Only the pictures should be left out; write out all other data exactly.

++++ Data section

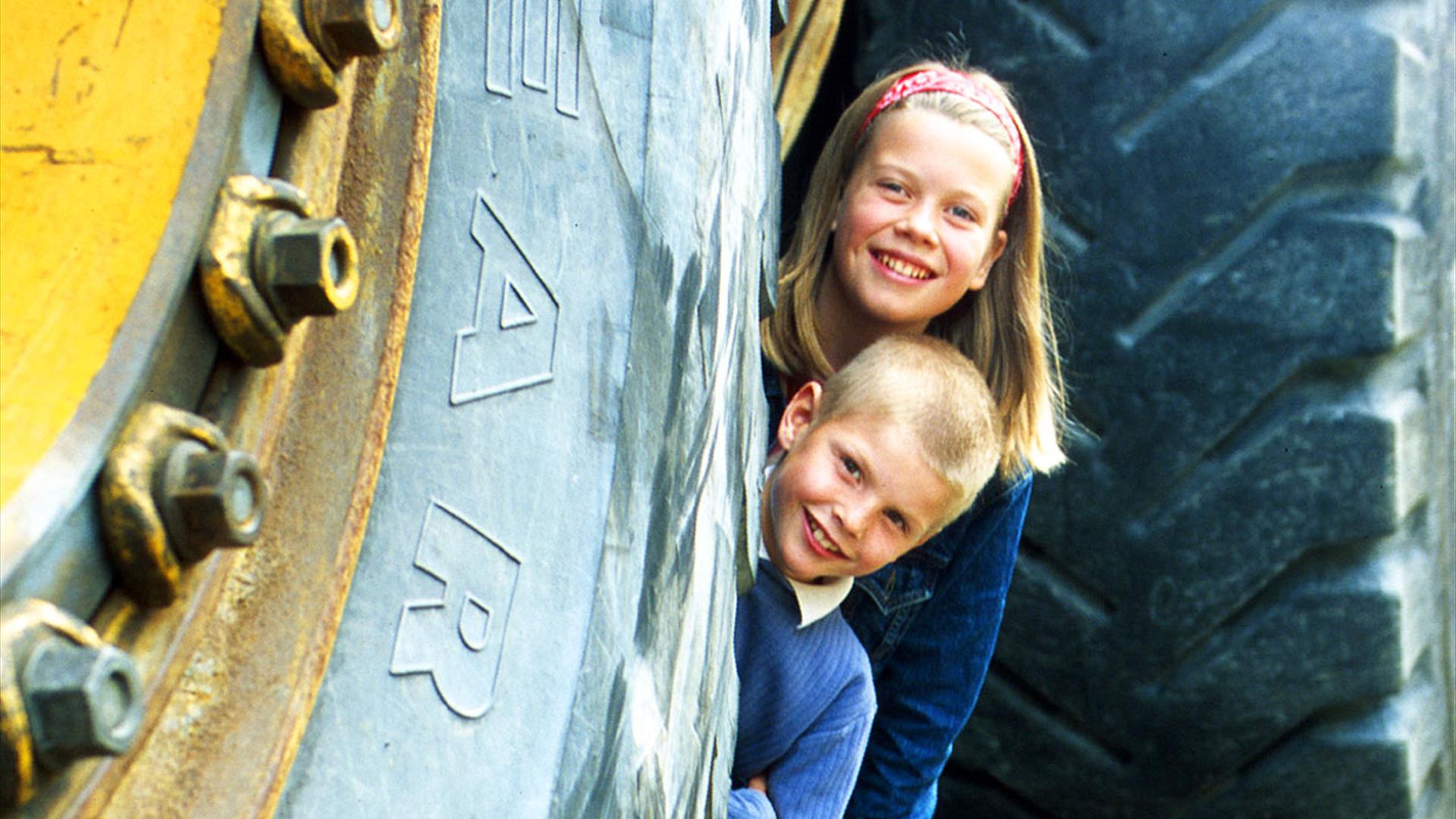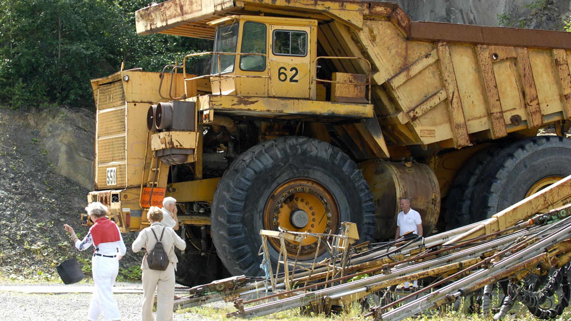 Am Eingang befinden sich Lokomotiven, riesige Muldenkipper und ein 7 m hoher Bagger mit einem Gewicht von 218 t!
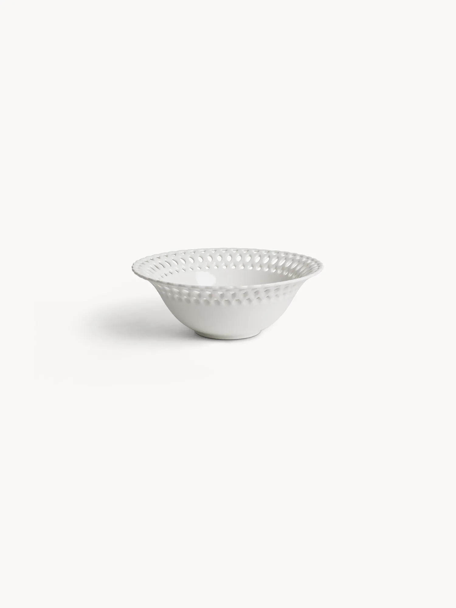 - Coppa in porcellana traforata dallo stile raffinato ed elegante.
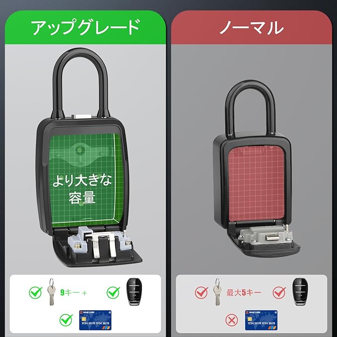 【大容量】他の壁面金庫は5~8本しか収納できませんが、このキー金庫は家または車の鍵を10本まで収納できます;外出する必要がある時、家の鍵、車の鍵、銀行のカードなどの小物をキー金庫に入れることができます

++++++++

= Solution below =
 Am Eingang befinden sich Lokomotiven, riesige Muldenkipper und ein 7 m hoher Bagger mit einem Gewicht von 218 t!
 - Coppa in porcellana traforata dallo stile raffinato ed elegante.
 【大容量】他の壁面金庫は5~8本しか収納できませんが、このキー金庫は家または車の鍵を10本まで収納できます;外出する必要がある時、家の鍵、車の鍵、銀行のカードなどの小物をキー金庫に入れることができます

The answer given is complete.